CMC Data Steward is a key technical role in global MSAT that works across multiple functions in Cell Therapy Development and operations (CTDO) to develop a sustainable manufacturing data lake strategy within cell therapy manufacturing network and respond to/manage ongoing CMC data requests originating from a diverse stakeholder within CTDO, manufacturing network, regulatory, clinical, CMC and TCT product teams. A successful candidate in this role will not only provide timely response to the data requests but also develop data management systems and infrastructure to enable a sustainable approach to such requests. The candidate is expected to guide/influence our collective thinking on identifying the right data set to answer the specific scientific question at hand and also direct the teams to the appropriate level of data verification/integrity requirements suitable for intended purpose of the data use. The role is at the center of everything we do in CTDO including process control strategy, continuous process verification, correlative analysis, process improvements to ultimately further our product and process knowledge. As such this role requires an individual who is not only skilled at navigating the complex set of data sources in a multi-site/multi-node complex global supply chain essential for cell therapy commercialization, but also has a sound understanding of the manufacturing process parameters and product attributes. The Sr. Process Engineer will play a key role in product lifecycle management, including development, characterization, commercialization of Celgene s of cell therapy products.

Primary Responsibilities

  • Serve as a single point of contact for managing CMC data requests in CTDO for late stage/commercial products.
  • Work with the drug product and vector MSAT teams to ensure access/availability of the manufacturing data in support of continuous verification programs
  • Serve as the MSAT member of the Celgene s correlative analysis team to ensure team has the access to the needed manufacturing data, contribute to the process/product knowledge understanding through this effort and bring the insights back to the MSAT team to drive process life cycle management plan
  • Collaborate with data stewards and other stakeholders in CTDO to share data management best practices across development and manufacturing, and drive design of data policies, standards and procedures.
  • Develop and maintain metadata and controlled vocabulary business terms (definitions and business rules) and other artifacts associated with the control and data standardization of data assets; and ensure that they are properly reviewed and approved by the Data Owners. Implement, maintain and monitor data quality requirements and business rules for assigned data assets and data attributes.
  • Work with internal and external manufacturing sites to ensure ongoing manufacturing data is captured in a standardized way across sites in a single global database
  • Identify systems, tools needed to manage the data lake and work with internal and external IT experts to simplify manufacturing data access
  • Support investigation teams to troubleshoot atypical observations/non-conformances by providing the necessary data and insights to help identify root cause
  • Serve as a point person to provide historical manufacturing data sets needed to establish and comparability and qualification protocols
  • Improve workflow and processes followed for managing data requests to continue to simply and improve lead time for such requests
  • Define the necessary level of data integrity/verifications required based on intended use.
  • Responsibilities of this role include using software tools and systems to collect data sets that support advanced analytics of cell therapy manufacturing data.
  • Train end-users on the use and maintenance of data management tools and systems.

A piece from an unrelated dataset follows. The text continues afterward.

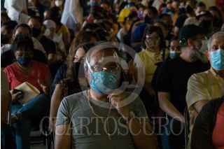 CIUDAD DE MÉXICO, 22JUNIO2021.- Adultos de 40 a 49 años comenzaron a ser vacunados en las inmediaciones de la Arena Ciudad de México, alcaldía Azcapotzalco. Las y los asistentes fueron inmunizados con el biológico de la farmacéutica AstraZeneca. A la par de esta localidad, Cuauhtémoc e Iztacalco iniciaron la aplicación de esta misma dosis. Hasta el momento en nuestro país se han administrado más de 40.2 millones de dosis de vacunas contra la Covid-19 y un 13.1% de la población se encuentra con esquema completo. FOTO: GALO CAÑAS/CUARTOSCURO.COM

Assist in the transfer of tools and analytical methods to other functional groups, as needed
    BASIC Qualifications
    • B.S. or M.S in Chemical Engineering, Biochemical Engineering or equivalent with minimum of 6+ years relevant experience in biologic process/analytical development or commercial biologic manufacturing process support.
    • Experience working with various IT systems/automation platforms.
    • 3+ years of experience working in a GMP environment
    • Demonstrated ability to effectively work in cross functional teams in a fast-paced environment
    • Excellent problem-solving skills.
    • Proficiency utilizing MS Office products and working knowledge of statistical software (R, JMP, Minitab)
    • Strong scientific and technical writing.
    • Excellent verbal and written communication skills to be able to communicate with a diverse audience with variable level of technical understanding of the systems and manufacturing processes
    • Knowledge of MES and LIMS systems
    • Ability to write scripts, specifically in VBA, Python, SQL, R-script, or C# is preferred
      PREFERRED QUALIFICATIONS
      • Experience in development and/or characterization of biologics and/or cell therapy manufacturing processes.
      • Knowledge of cellular immunology a plus.
      • Experience working with databases such as Oracle or SQL Manager is preferred.


        About Us

        COMMITTED TO IMPROVING THE LIVES OF PATIENTS WORLDWIDE

        At Celgene, we seek to deliver truly innovative and life-changing drugs for our patients. Our vision as a company is to build a major global biopharmaceutical corporation while focusing on the discovery, the development, and the commercialization of products for the treatment of cancer and other severe, immune, inflammatory conditions.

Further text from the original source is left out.